Restate the data word for word and leave the images out.

Stored records
+++

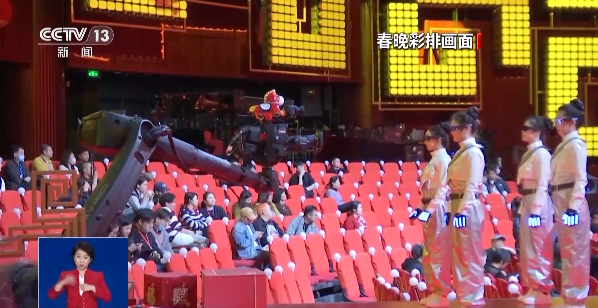 总台《2026年春节联欢晚会》总导播 卢刚:今年头一次用到咱们春晚上,用的是一个机械臂的摄像机,咱们今年春晚上把它用在直播上面,当一个常规机位来使用。它能做到每一个画面基本上每分每秒到哪儿,非常准,就拿它的编程,它最好的优势去做一个一镜到底的画面。
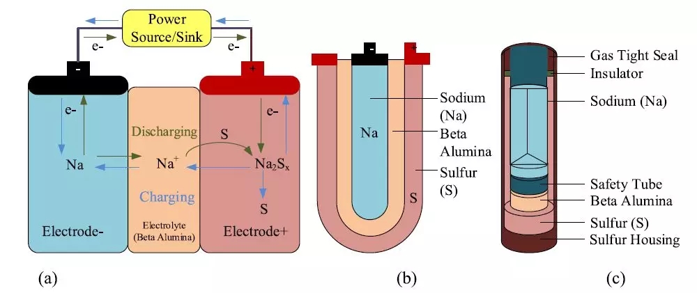 圖 10. 鈉硫電池:( a )在放電和充電過程中,( b ) Na-S 電池的管狀設(shè)計圖,( c ) Na-S 電池原型 [30,33,53,83] 。
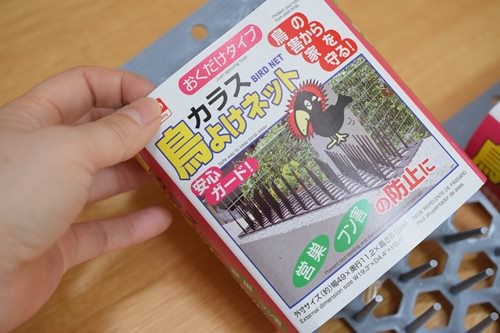 買ったのは、カラス除けネット2つ(100円×2つ)。園芸コーナーの辺りにありました。
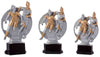 Drei silberne und goldene 3er Serie Fussball 300 mm – 450 mm PK737350-3 in unterschiedlichen Höhen, gefertigt aus hochwertigem Material, zeigen ein exklusives Design vor weißem Hintergrund.
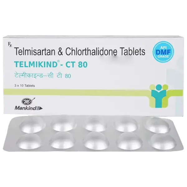Telmikind-CT 80 Tablets from Mankind Pharma Ltd. combine two effective antihypertensive agents — Telmisartan (80 mg) and Chlorthalidone (12.5 mg) — for powerful and sustained blood pressure control.
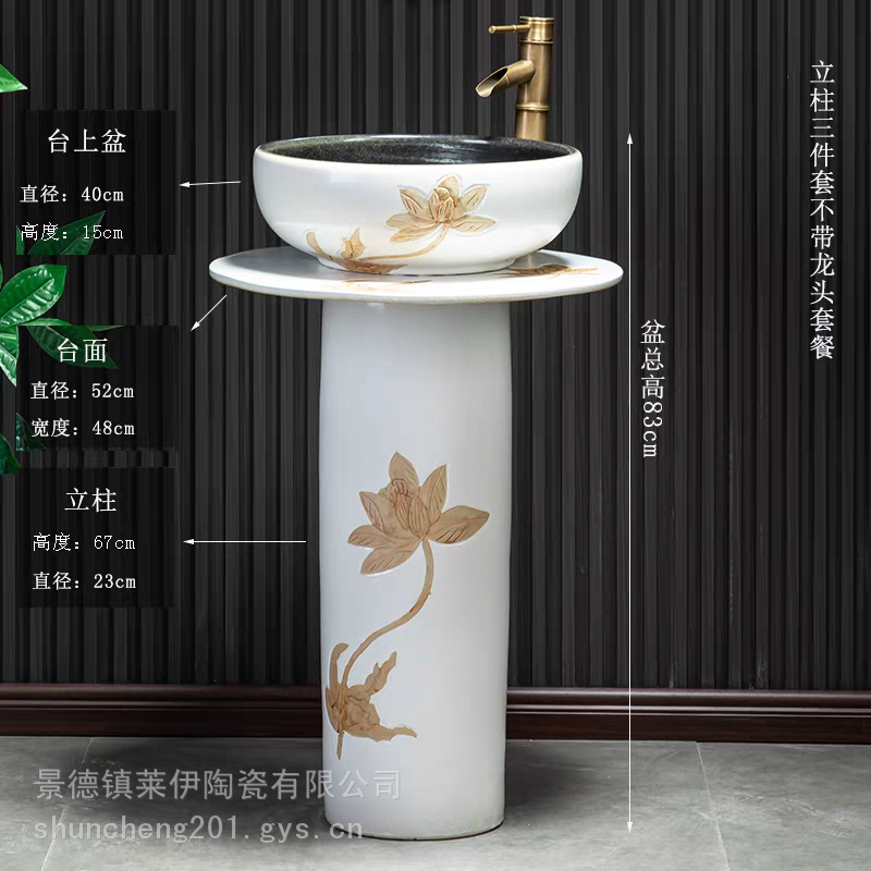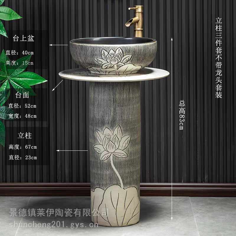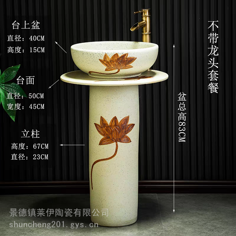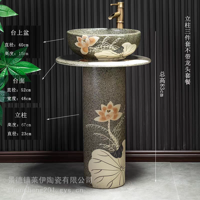 名宿特色洗手陶瓷水盆 复古庭院户外陶瓷立柱盆台上洗手盆
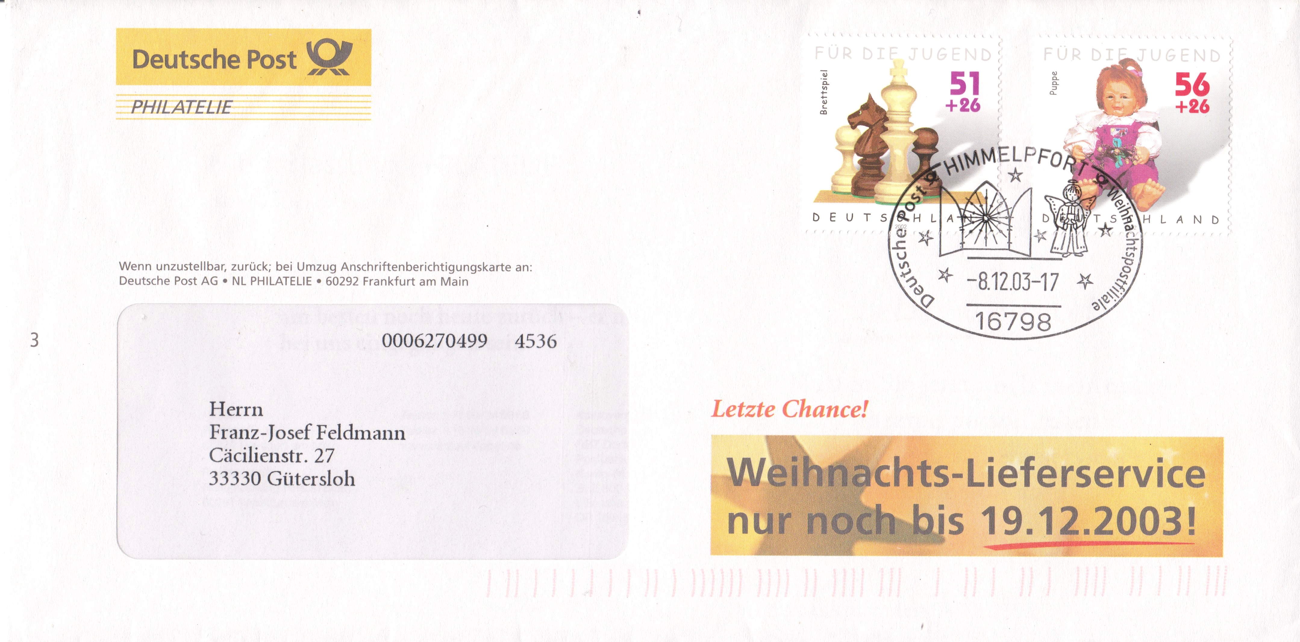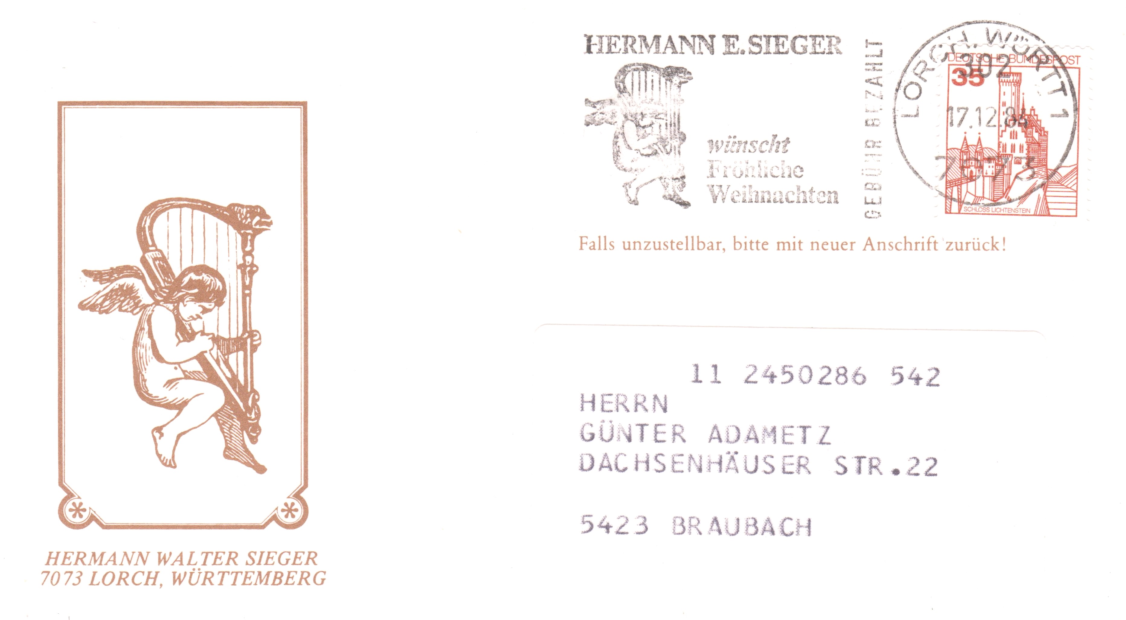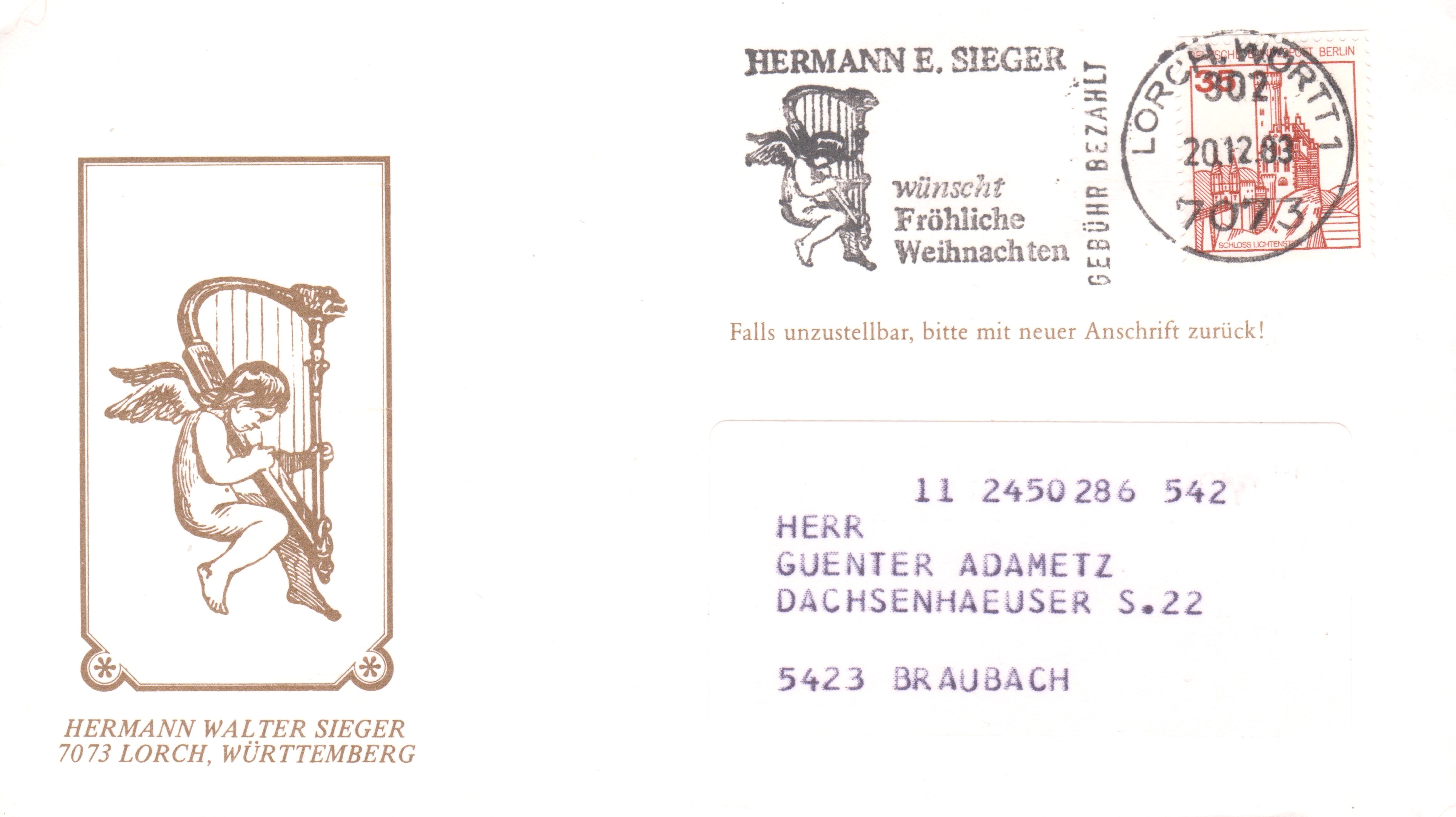 Die Firma SIEGER "wünscht Fröhliche Weihnachten" mit einem Harfe spielenden Weihnachtsengel auf diesem Absenderentwerterstempel, Portostufen 35 Pf aus 1983 und 1984:

+++

— Answer below —
 总台《2026年春节联欢晚会》总导播 卢刚:今年头一次用到咱们春晚上,用的是一个机械臂的摄像机,咱们今年春晚上把它用在直播上面,当一个常规机位来使用。它能做到每一个画面基本上每分每秒到哪儿,非常准,就拿它的编程,它最好的优势去做一个一镜到底的画面。
 圖 10. 鈉硫電池:( a )在放電和充電過程中,( b ) Na-S 電池的管狀設(shè)計圖,( c ) Na-S 電池原型 [30,33,53,83] 。
 買ったのは、カラス除けネット2つ(100円×2つ)。園芸コーナーの辺りにありました。
 Drei silberne und goldene 3er Serie Fussball 300 mm – 450 mm PK737350-3 in unterschiedlichen Höhen, gefertigt aus hochwertigem Material, zeigen ein exklusives Design vor weißem Hintergrund.
Telmikind-CT 80 Tablets from Mankind Pharma Ltd. combine two effective antihypertensive agents — Telmisartan (80 mg) and Chlorthalidone (12.5 mg) — for powerful and sustained blood pressure control.
 名宿特色洗手陶瓷水盆 复古庭院户外陶瓷立柱盆台上洗手盆
 Die Firma SIEGER "wünscht Fröhliche Weihnachten" mit einem Harfe spielenden Weihnachtsengel auf diesem Absenderentwerterstempel, Portostufen 35 Pf aus 1983 und 1984:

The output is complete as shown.